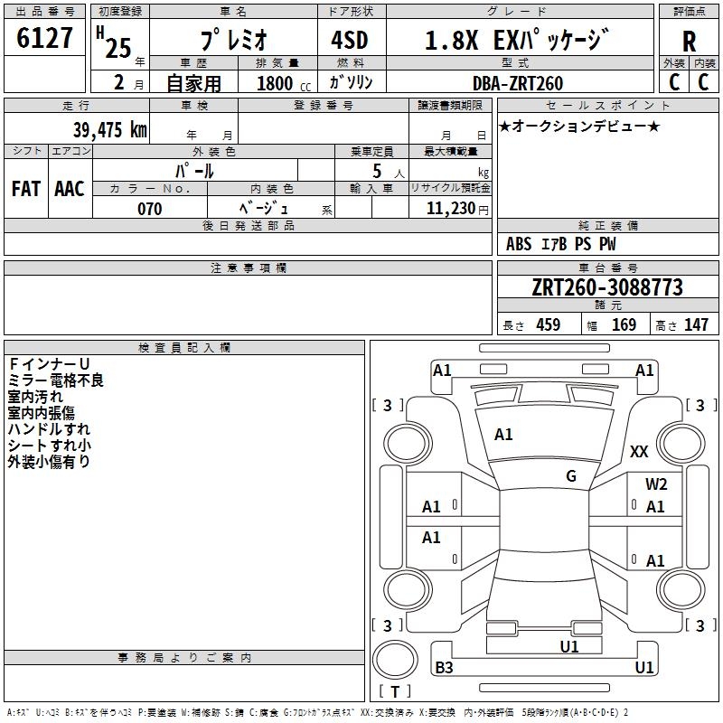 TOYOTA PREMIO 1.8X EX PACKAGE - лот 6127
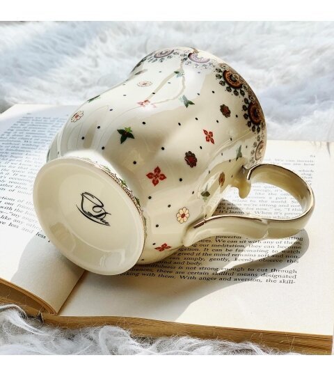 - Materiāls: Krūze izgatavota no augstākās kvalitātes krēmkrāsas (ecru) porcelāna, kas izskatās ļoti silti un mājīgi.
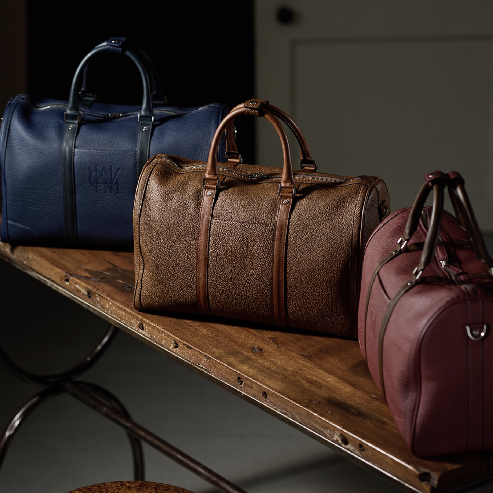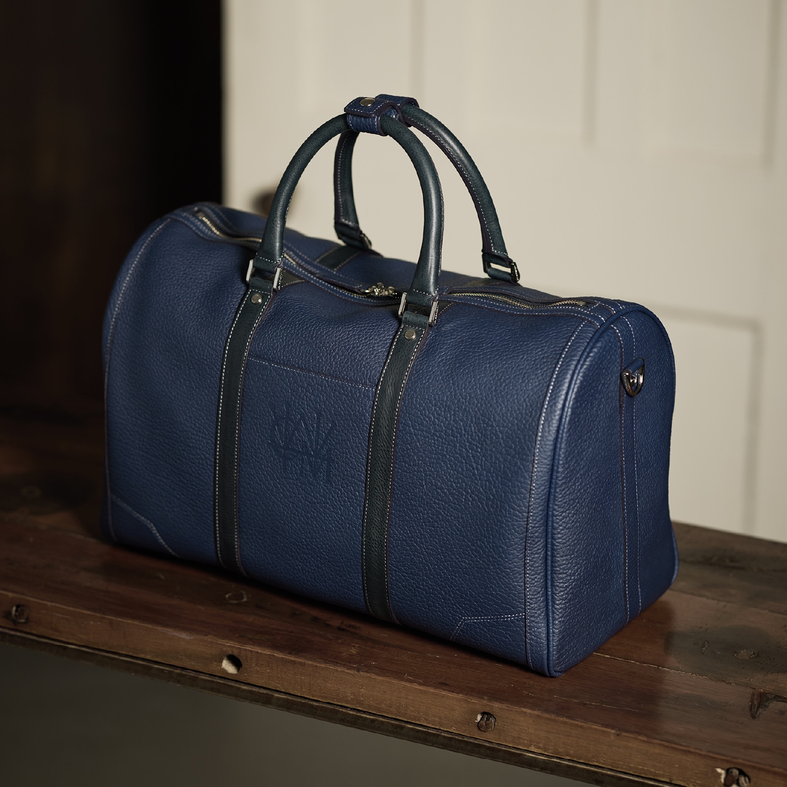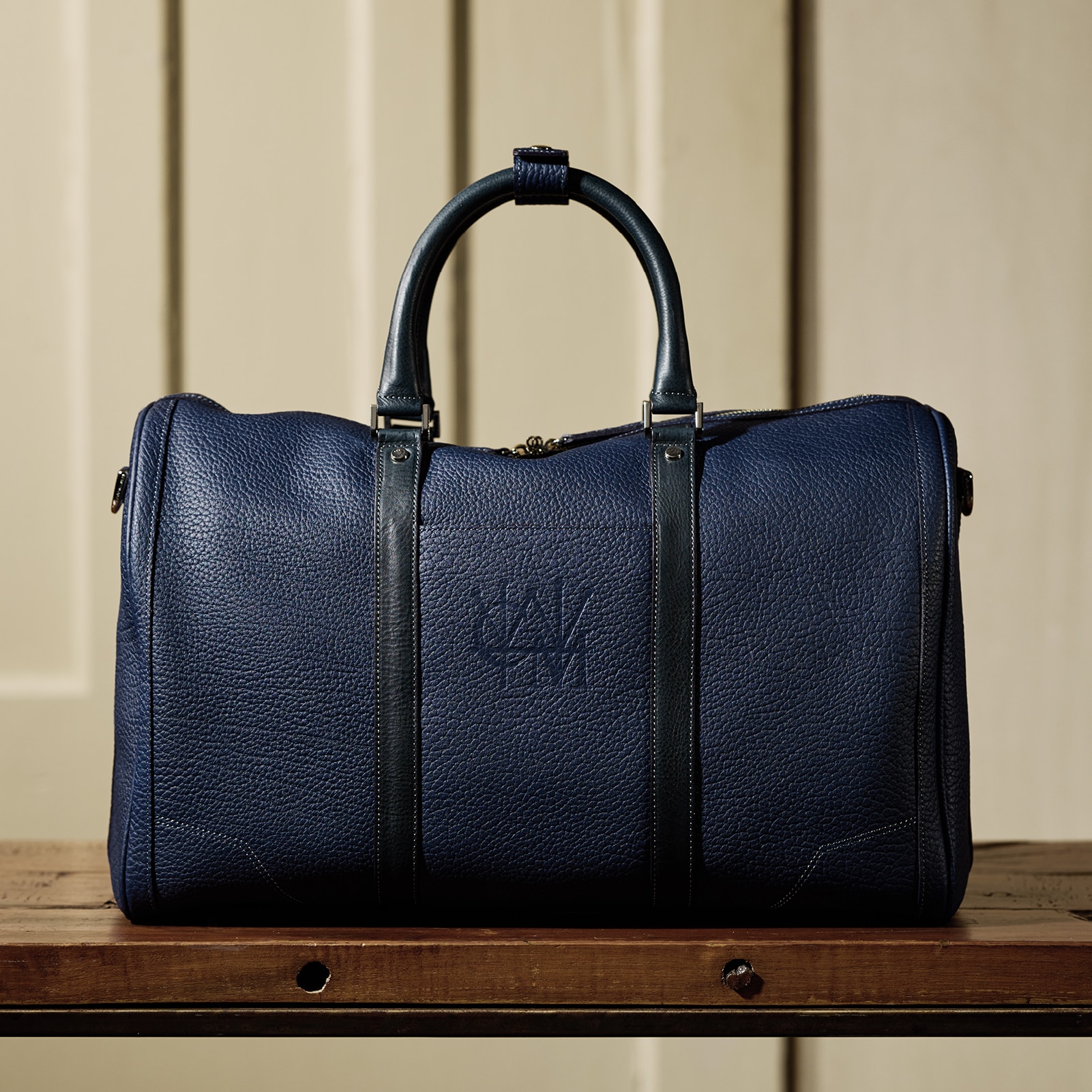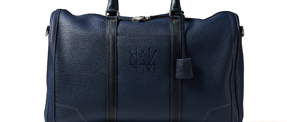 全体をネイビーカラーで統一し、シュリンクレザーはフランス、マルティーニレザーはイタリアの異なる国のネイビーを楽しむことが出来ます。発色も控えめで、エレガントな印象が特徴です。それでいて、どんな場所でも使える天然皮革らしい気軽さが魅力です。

- - -

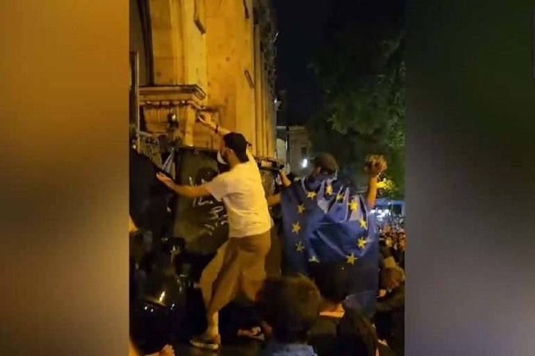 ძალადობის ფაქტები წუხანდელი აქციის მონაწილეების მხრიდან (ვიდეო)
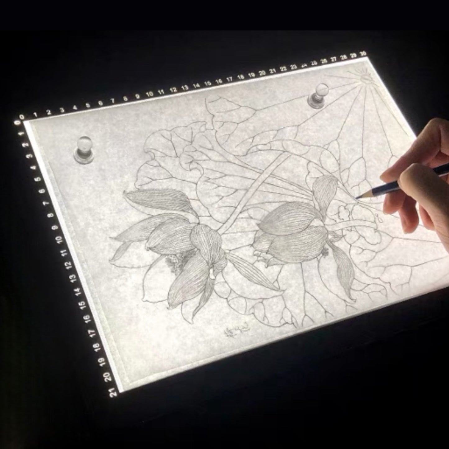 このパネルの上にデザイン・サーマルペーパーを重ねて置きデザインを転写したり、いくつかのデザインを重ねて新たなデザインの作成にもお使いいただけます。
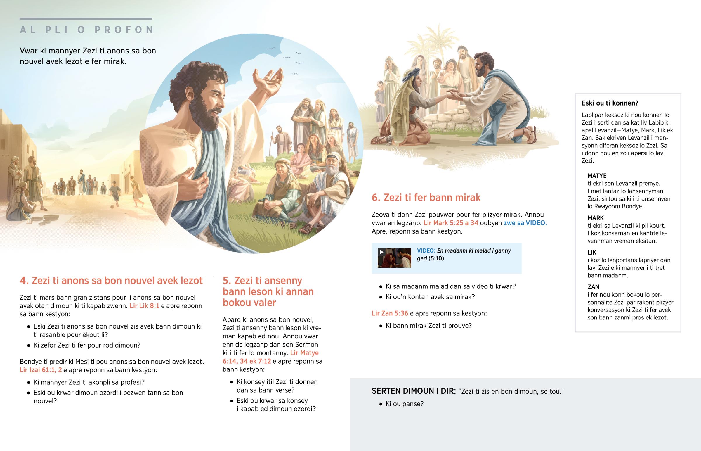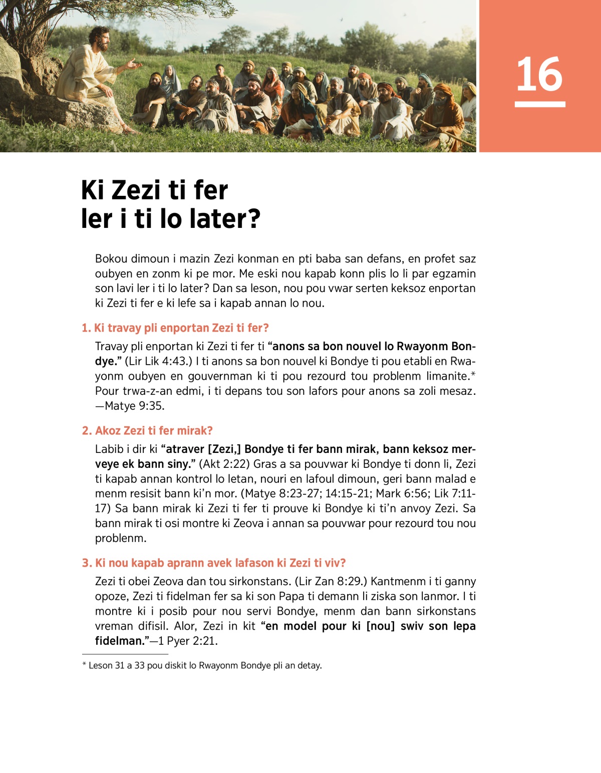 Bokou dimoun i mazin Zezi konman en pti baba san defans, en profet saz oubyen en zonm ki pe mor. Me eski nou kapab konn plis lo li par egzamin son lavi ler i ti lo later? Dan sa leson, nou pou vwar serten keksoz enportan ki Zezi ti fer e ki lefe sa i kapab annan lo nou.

- - -

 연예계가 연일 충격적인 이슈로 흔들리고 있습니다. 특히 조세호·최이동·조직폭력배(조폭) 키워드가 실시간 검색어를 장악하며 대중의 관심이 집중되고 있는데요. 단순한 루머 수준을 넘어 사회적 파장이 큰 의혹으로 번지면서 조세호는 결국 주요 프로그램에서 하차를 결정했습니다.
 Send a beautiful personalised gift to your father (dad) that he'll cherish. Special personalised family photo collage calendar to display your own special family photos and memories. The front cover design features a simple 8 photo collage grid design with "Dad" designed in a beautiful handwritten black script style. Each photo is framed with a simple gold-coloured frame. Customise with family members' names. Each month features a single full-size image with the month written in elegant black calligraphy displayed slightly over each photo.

- - -

▸ **THE PROBLEM**
Exactly reproduce the lines above, starting at the one that contains "- Materiāls: Krūze" and ending at the one that contains "全体をネイビーカラーで統一し", both inclusive; leave the pictures out and add no other lines.

▸ **TASK OUTPUT**
 - Materiāls: Krūze izgatavota no augstākās kvalitātes krēmkrāsas (ecru) porcelāna, kas izskatās ļoti silti un mājīgi.
 全体をネイビーカラーで統一し、シュリンクレザーはフランス、マルティーニレザーはイタリアの異なる国のネイビーを楽しむことが出来ます。発色も控えめで、エレガントな印象が特徴です。それでいて、どんな場所でも使える天然皮革らしい気軽さが魅力です。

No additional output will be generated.